Пришел столяр Капралов. Катя обрадовалась.
– А я как раз вас ищу.
Капралов не был пьян, умное лицо его было серьезно, без пьяно-юмористических огоньков.
– Меня прислал Отдел узнать, как у вас тут идет работа.
– Вот хорошо, что приехали. О многом нужно потолковать.
Вошел Гребенкин и сел за стол. Капралов сказал ему:
– Сашка, на завтра нужно двух барышень пригласить, сделать перепись безграмотным.
Гребенкин усмехнулся.
– "Пригласи-ить"? Ишь, какие нежности! Мобилизуем. Вот, две девицы агаповские без дела шляются. Их пошлем.
Катя удивилась.
– Зачем же насильно заставлять? Наверно, много найдется желающих и по доброй воле. Все ведь голодные.
– Спрашивать их еще, – "желаете ли?" Го-го!
– Двух мало, – заметил Капралов. – Запасную еще наметь, – может, какая больна окажется.
– Больна-а? – Гребенкии грозно нахмурил брови. – Нам тогда скажи. Мигом вылечим.
Капралов с одушевлением и волнением рассказывал Кате, что сегодня в зале Бубликовской гостиницы у него идет первый концерт-митинг. Будет декламировать кой-кто из дачников, княгиня Андожская будет петь и агаповская барышня. Просил он Гуриенко-Домашевскую, она тоже согласилась.
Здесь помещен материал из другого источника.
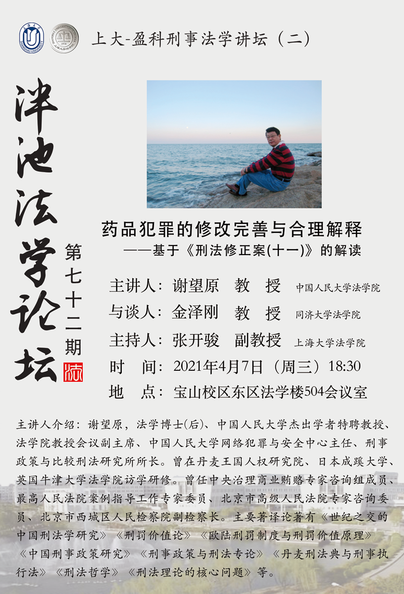 泮池法学论坛第72期预告:药品犯罪的修改完善与合理解释——基于《刑法修正案(十一)》的解读

– Да будет тебе! Вот человек! – возмутился Гребенкин. – "Просил", "согласилась"… Обязана идти без разговоров! Не те времена.
Катя вскипела.
– Какое хамство! Зачем вам, Гребенкин, нужны эти измывательства над людьми? Непременно власть свою показать! Как урядники в старые времена. Какая гадость! Гуриенко-Домашевская знаменита на всю Россию.
В колючих исподлобья глазах Гребенкина мелькнула мягкая, слегка сконфуженная усмешка. Ханов лениво сказал:
– Он озорничает. Что вы его слушаете.
– Ничего не озорничаю. "На всю Россию"… Сколько лет тут живет, – почему же ни разу не собралась мужикам поиграть? Заплати ей пять целковых с рыла, тогда пожалуйста! Вон какую себе дачу выстроила… Всех теперь заставим работать на народ, на простых людей!
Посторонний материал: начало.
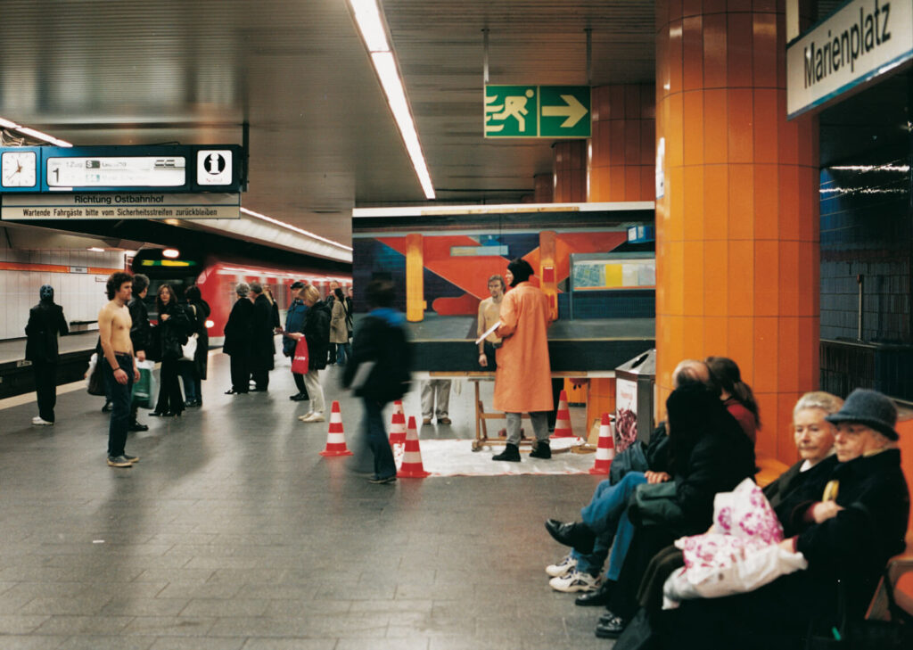 Parallel to the exhibition “Offensive Painting” at the municipal art gallery Lothringer13 in Munich, an invitation is being given to the temporary studio in the Marienplatz S-Bahn station – a staged public model situation with semi-nude figures, in order to paint the picture “Ecce homo, Marienplatz”.

И чувствовалось, как от своих слов он сам разжигался злобою.
Тихонько вошел Агапов, – осунувшейся, но по-всегдашнему ласково улыбаясь. При входе он снял свой картузик. Гребенкин грубо сказал:
– У нас тут богов никаких нет, наденьте шапку.
– Нет, я к тому… Жарко-с! – Агапов обратился к Ханову. – Получил я повестку от ревкома, – завтра идти в лес дрова рубить.
Глаза Гребенкина злорадно загорелись. Он удивленно сказал:
– Ну, да. Отчего же вам дровец не порубить?
– Помилуйте, мои годы не те!
– Как не те? Те самые. Вам сорок девять лет, – до пятидесяти мы всех мобилизуем на общественные работы. Мужиков гоним. – отчего же вас нельзя?
– Я понимаю, я не о том… Конечно, трудовая повинность, общественные обязанности… Да сердце-то у меня, изволите видеть, больное.
– Сердце у вас от жиру больное. Моцион вам очень даже будет полезен.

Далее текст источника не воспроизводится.